Film score by Robert Rodriguez and Carl Thiel
- Released: August 16, 2011
- Recorded: 2011
- Genre: Film score
- Length: 44:13
- Label: Lakeshore
- Producers: Robert Rodriguez; Carl Thiel; Richard Glasser;

Robert Rodriguez film soundtrack chronology
| Machete (2010) | Spy Kids: All the Time in the World (2011) | Machete Kills (2013) |

= Spy Kids: All the Time in the World (soundtrack) =

Spy Kids: All the Time in the World is the soundtrack album to the 2011 film Spy Kids: All the Time in the World directed by Robert Rodriguez which is the fourth instalment in the Spy Kids film series. The film score was composed by Robert Rodriguez and Carl Thiel and released through Lakeshore Records on August 16, 2011.

== Development ==
As with all of his films, including those which were a part of the Spy Kids series, the film score is composed by the director Rodriguez himself. This time, he collaborated with Carl Thiel, who associated with Spy Kids 3-D: Game Over (2003) as a score producer and mixer. Rodriguez recorded the score at his hometown in Austin, Texas and performed by the Texas Philarmonic Orchestra, which performed the score for the predecessors. The album was released through Lakeshore Records on August 16, 2011.

== Reception ==
Jonathan Weilbaecher of The Flickcast rated the soundtract with a score of three out of five, and wrote "In all, the music for this movie is solid, but the soundtrack lacks a certain something that would ensure a well rounded listening experience.
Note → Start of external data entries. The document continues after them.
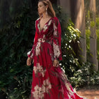 Karine - Elegantes langes Kleid mit V-Ausschnitt für Frauen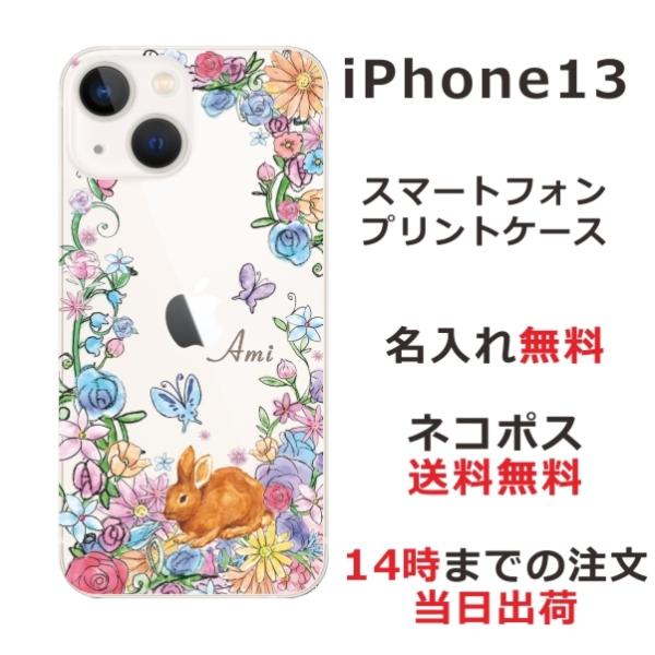 iPhone13 アイフォン13 らふら 名入れ スマホケース お花畑 ウサギ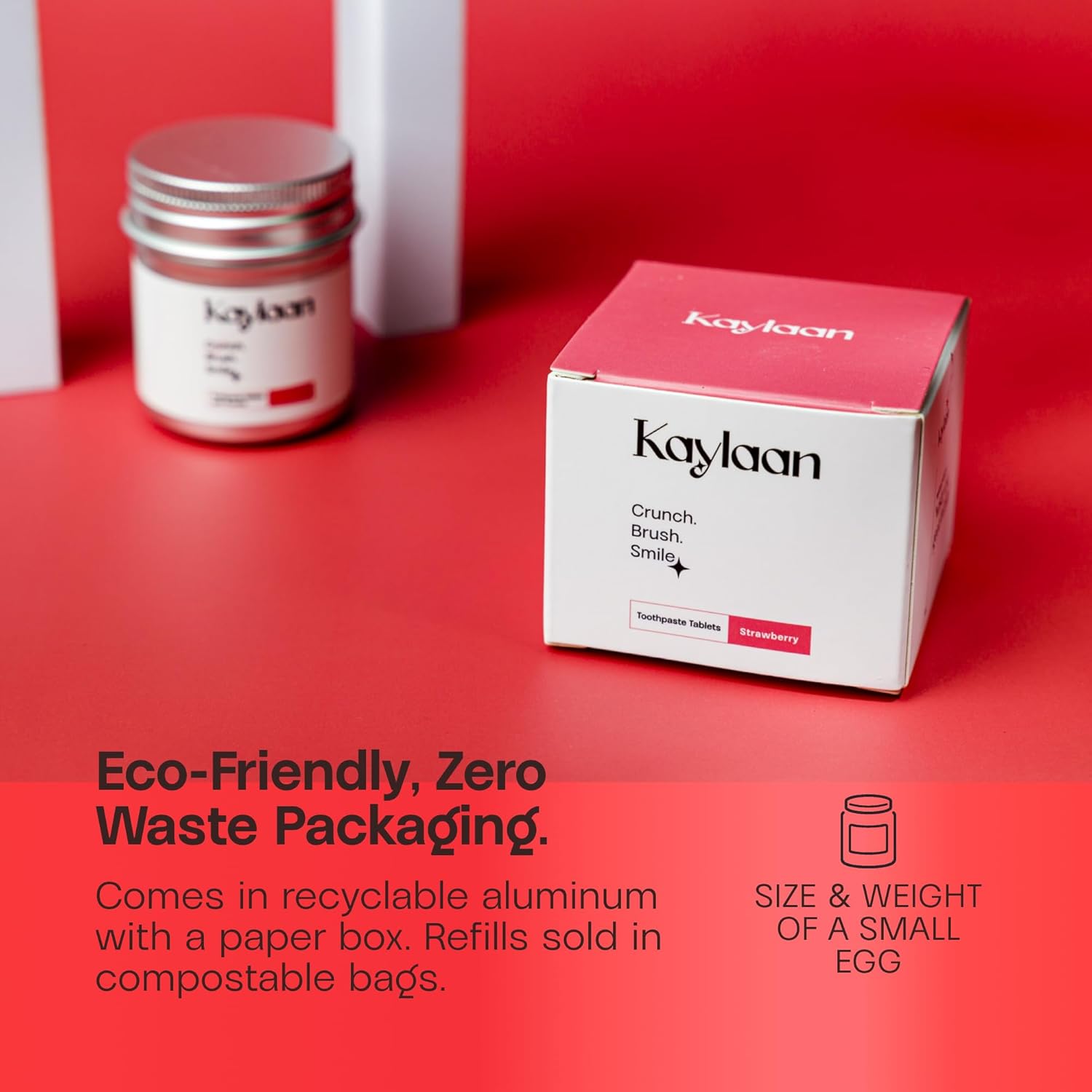 Kalyaan Kids Toothpaste Tablets with Fluoride | Whitening, Sensitivity Relief & Cavity Protection | Chewable, Plastic-Free, Travel-Friendly - Strawberry, 90 Count, Made in USA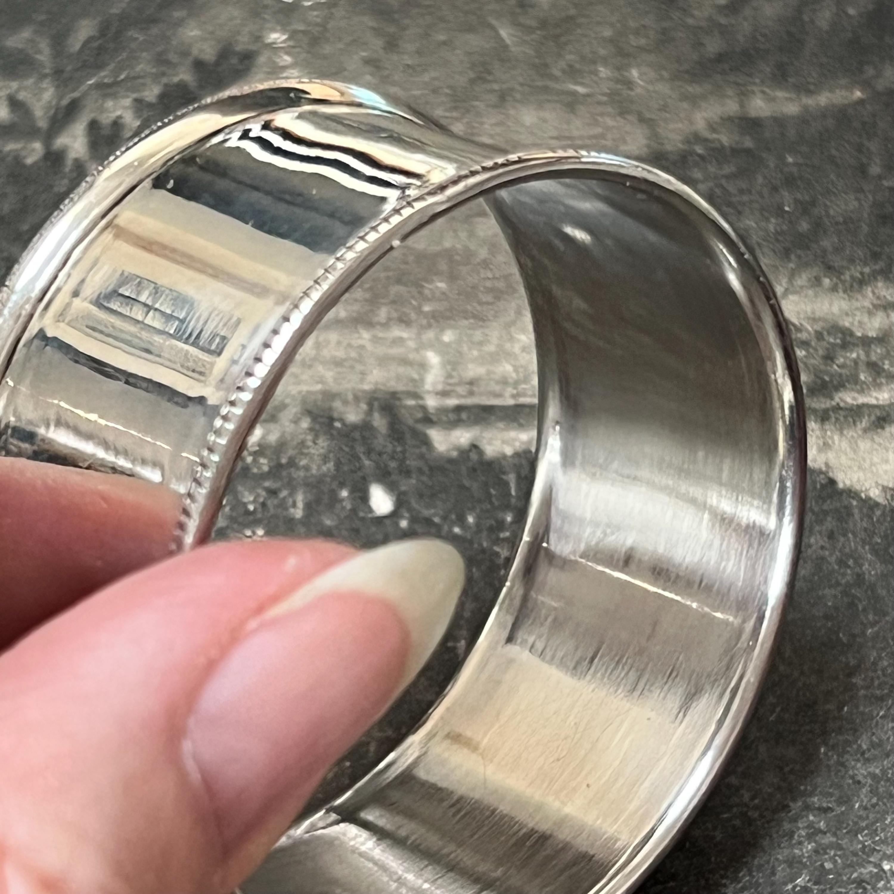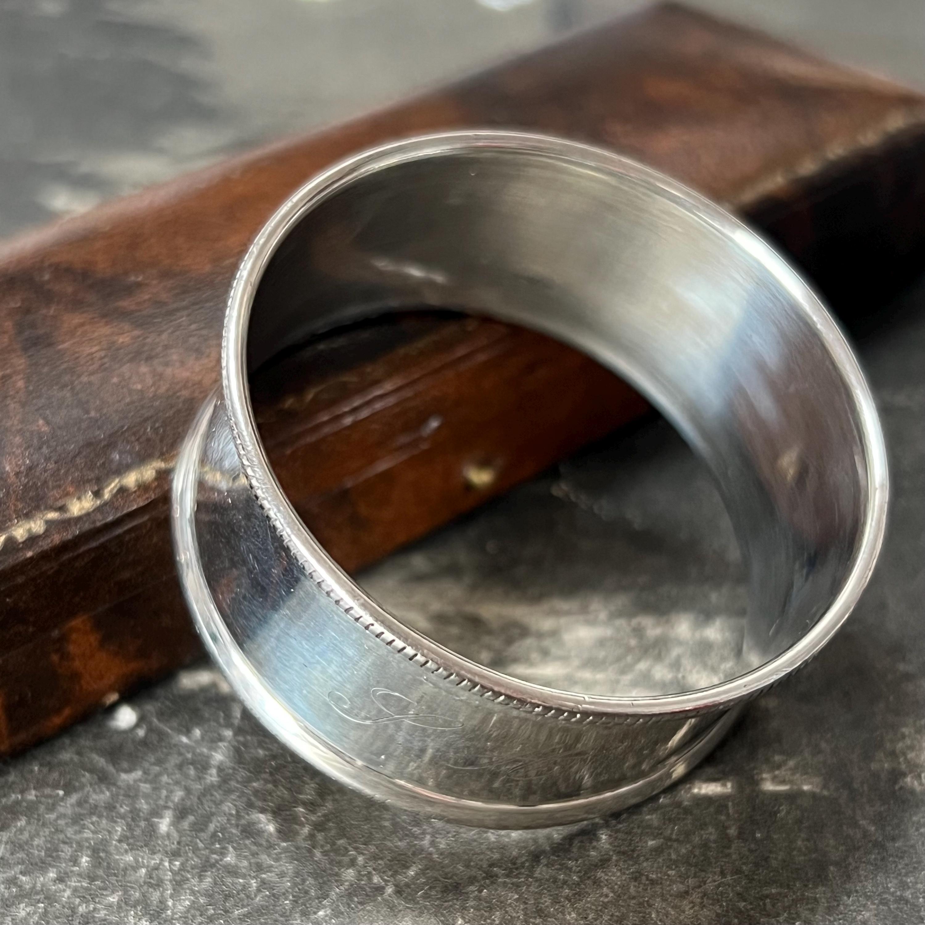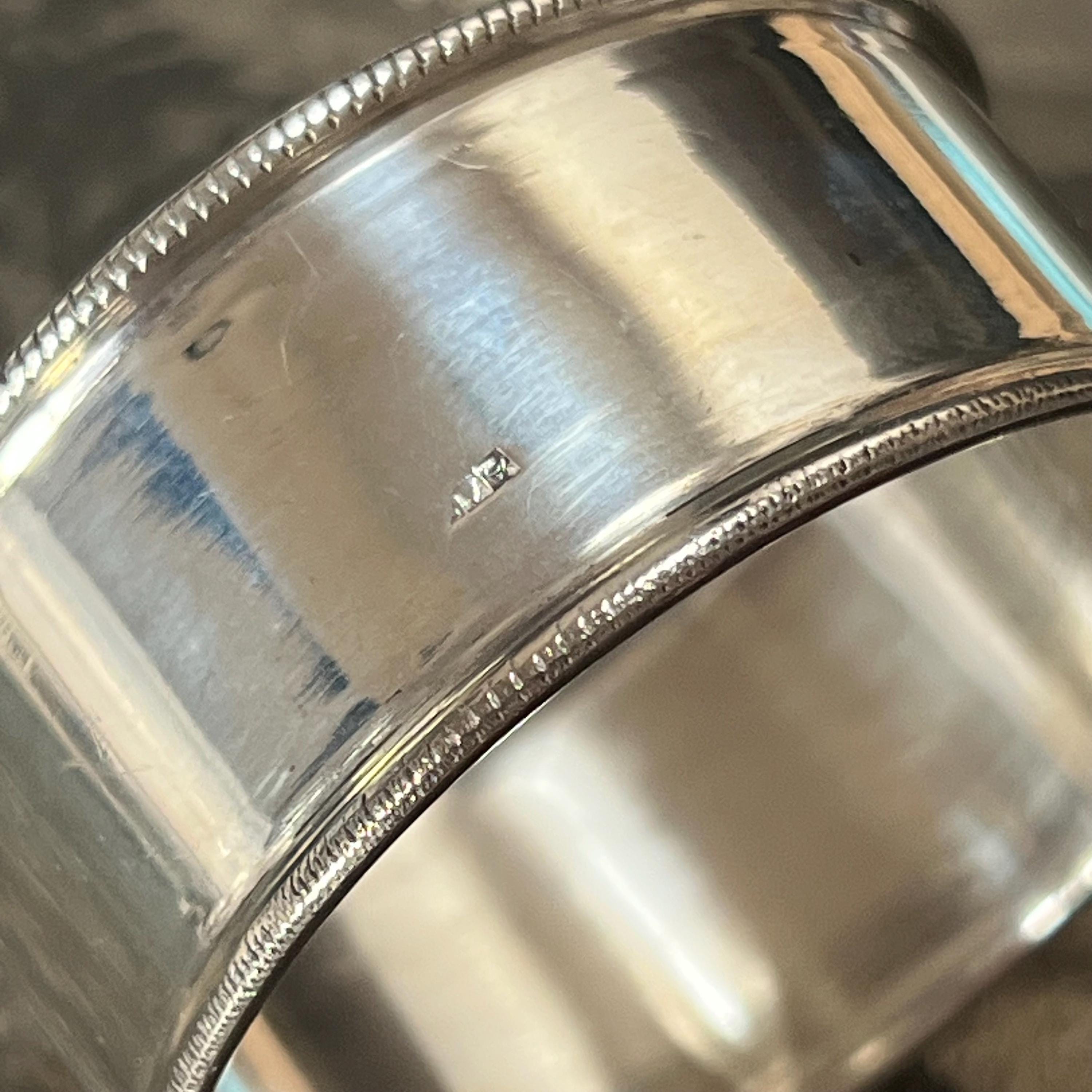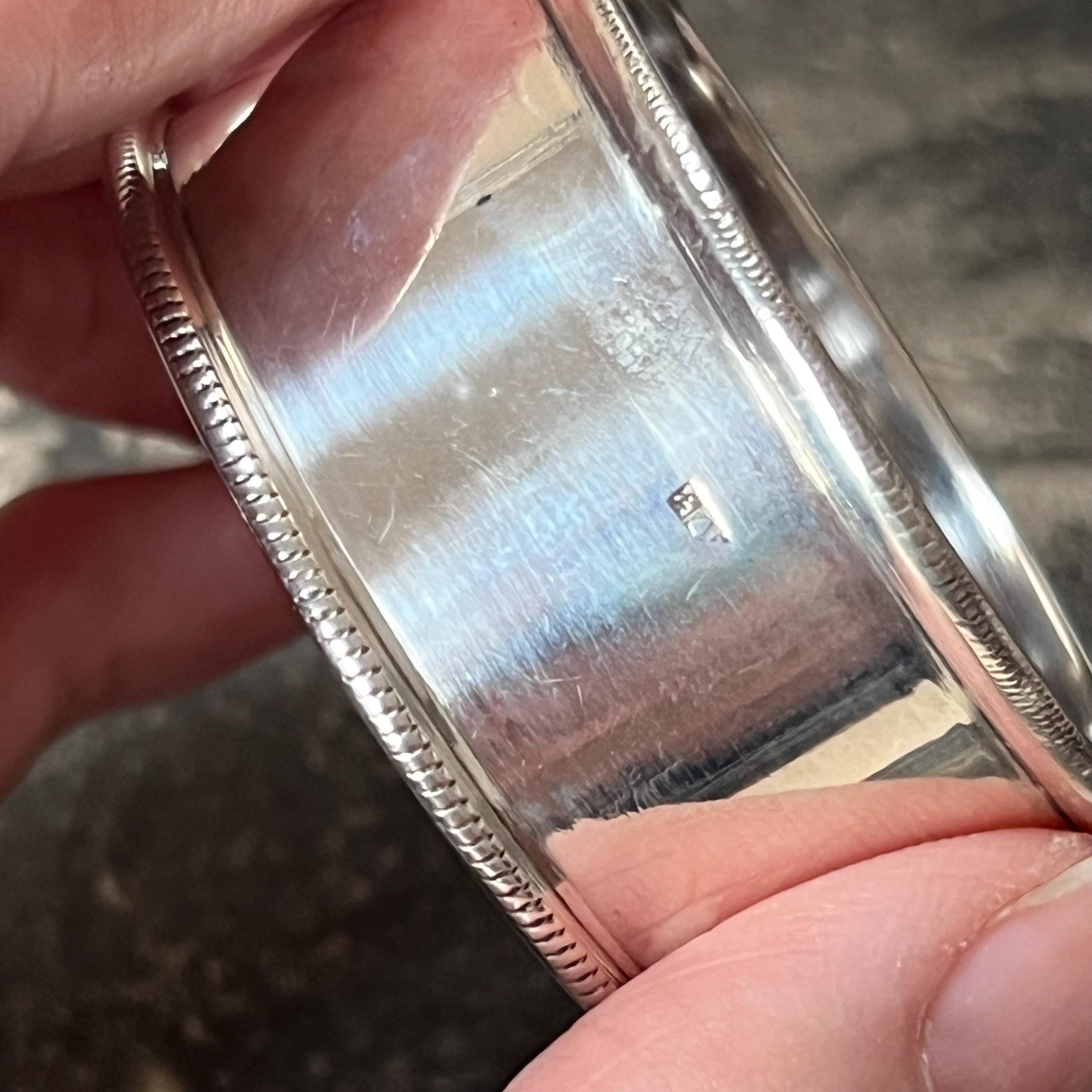 This early 20th-century solid silver napkin ring features a worn continental hallmark resembling a bell—most likely from Alexandria, Egypt—and has been silver-tested for authenticity. Dating from around the 1930s–1940s, it has a classic plain central band with fine rope-twist styled edging and faint engraved initials (possibly J and H). Measuring 23.5 mm wide and weighing 22.8 grams, it’s a wonderful collectible for lovers of antique silver tableware.

Although for what it lacks in definition it does make up for it in terms of quality tracks." William Ruhlmann of AllMusic rated two-and-a-half out of five wrote "this is music meant as anonymous accompaniment to the nonstop harmless action on the screen, but it doesn't show much originality or individual character on a soundtrack album."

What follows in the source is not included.